The streaming wars have intensified over the past two months as more companies enter the fray with a limited number of target customers. The huge number of new members during the early stages of the pandemic made it harder to add more, and every company is pouring money into content and distribution in the race to the top.
Both leaders are currently netflix (NFLX -5.15%)which has dominated the industry for years and has over 220 million subscriptions, and disney (SAY -2.32%), which has grown its paying customer base to more than 205 million over the past three years. While both companies are upping their game, Disney has a major advantage over Netflix, and investors shouldn’t ignore it.
Disney’s Secret Sauce
Netflix is under a lot of pressure to invest in content, and those costs have to be covered by subscriptions. Investors may not realize that for years Netflix was able to post profits even though its cash flow was negative due to depreciation. In other words, subscription fees alone were not enough to cover the costs of content production.

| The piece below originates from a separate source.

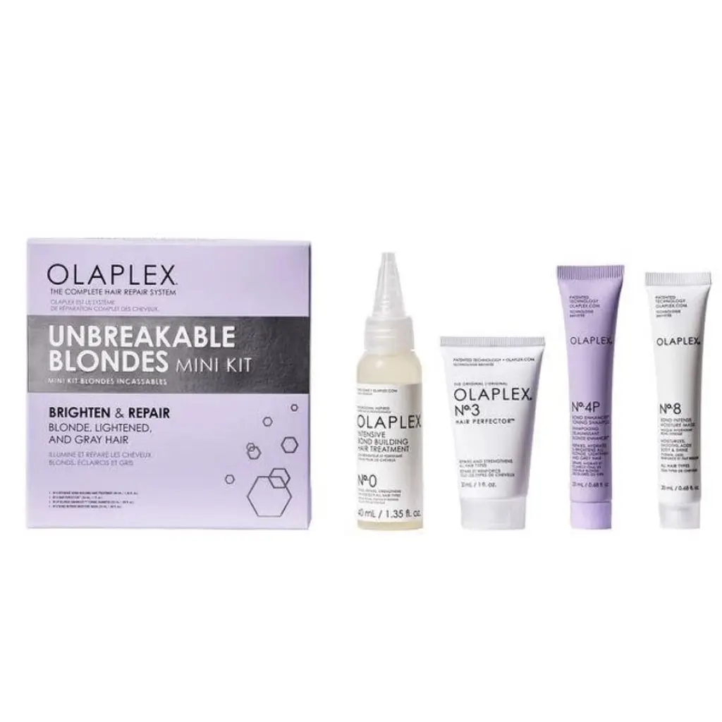 Набор миниатюр Olaplex Unbeakable Blondes Mini Kit разработанный экспертами для восстановления и осветления светлых, осветленных и седых волос.

You cannot make these expenses disappear, which is why they appeared as cash outflows.
However, you can eliminate them from the income statement by recording only a percentage of them as expenses, amortized over time. During those years, investors didn’t care about this wobbly record and they were richly rewarded when the stock price soared. They were also vindicated when the company finally made enough money to become cash flow positive even with its content production. This only happened in 2020 when subscriptions increased.

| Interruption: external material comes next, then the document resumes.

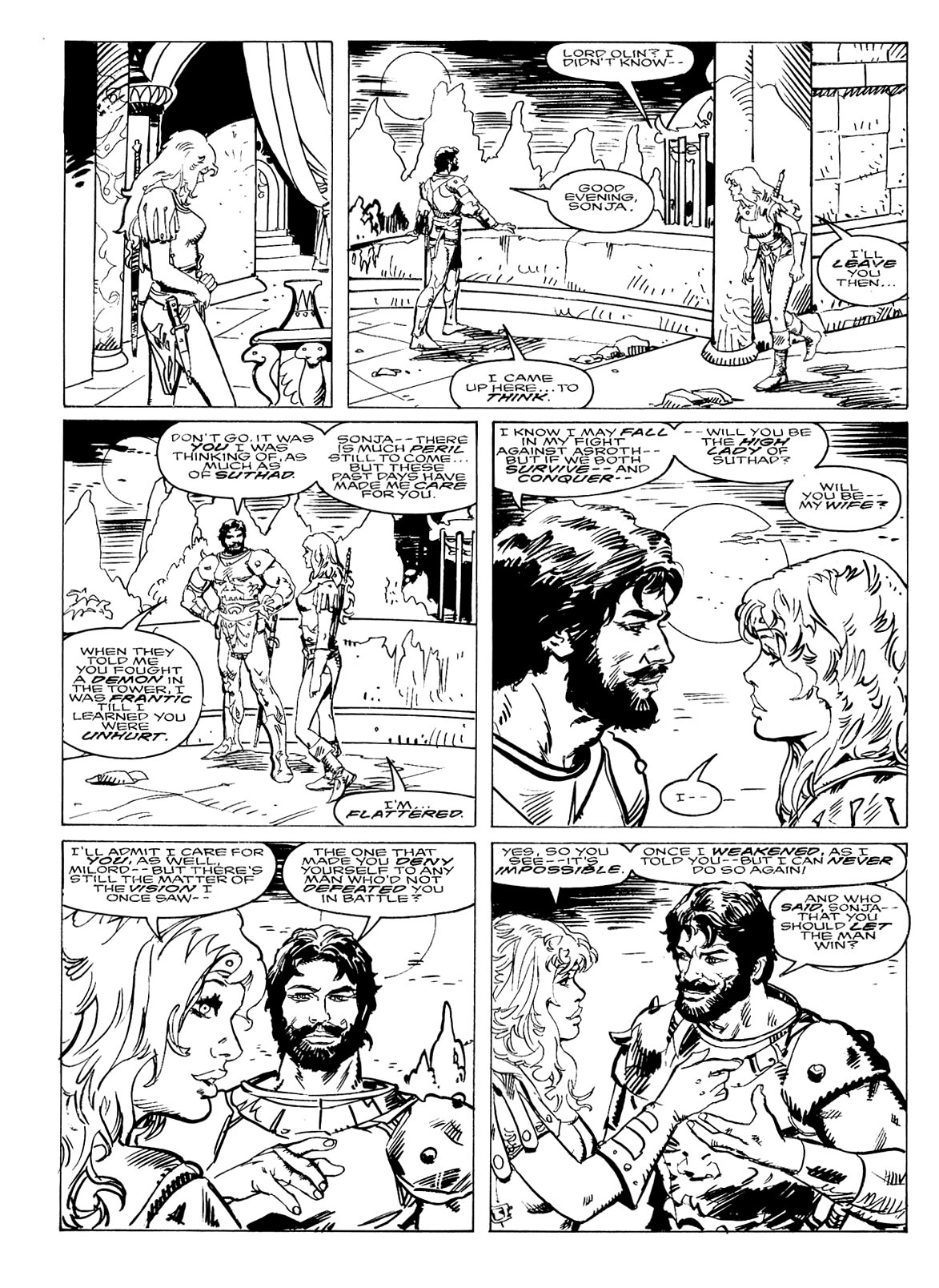 - In the same story that establishes this, Sonja finds a loophole for her vow and pride by purposefully losing to Prince Linneus in a game of chess. However, she comes to regret this and refuses to ever do it again.

He faces new pressures now that the competition has intensified and he needs tons of high-quality content to retain his subscribers. He expects a drop in subscriber numbers in the second quarter.
However, we are really talking about Disney and its edge here. And it has a huge advantage in its movie releases and ticket sales, a pattern that, in its current form, Netflix doesn’t use. Disney’s traditional theatrical release model gives it ample opportunity to cover production costs before a movie gets anywhere near your streaming device. For example, his current success, Marvel’s Doctor Strange in the Multiverse of Madnesshas grossed nearly $1 billion since its release in May.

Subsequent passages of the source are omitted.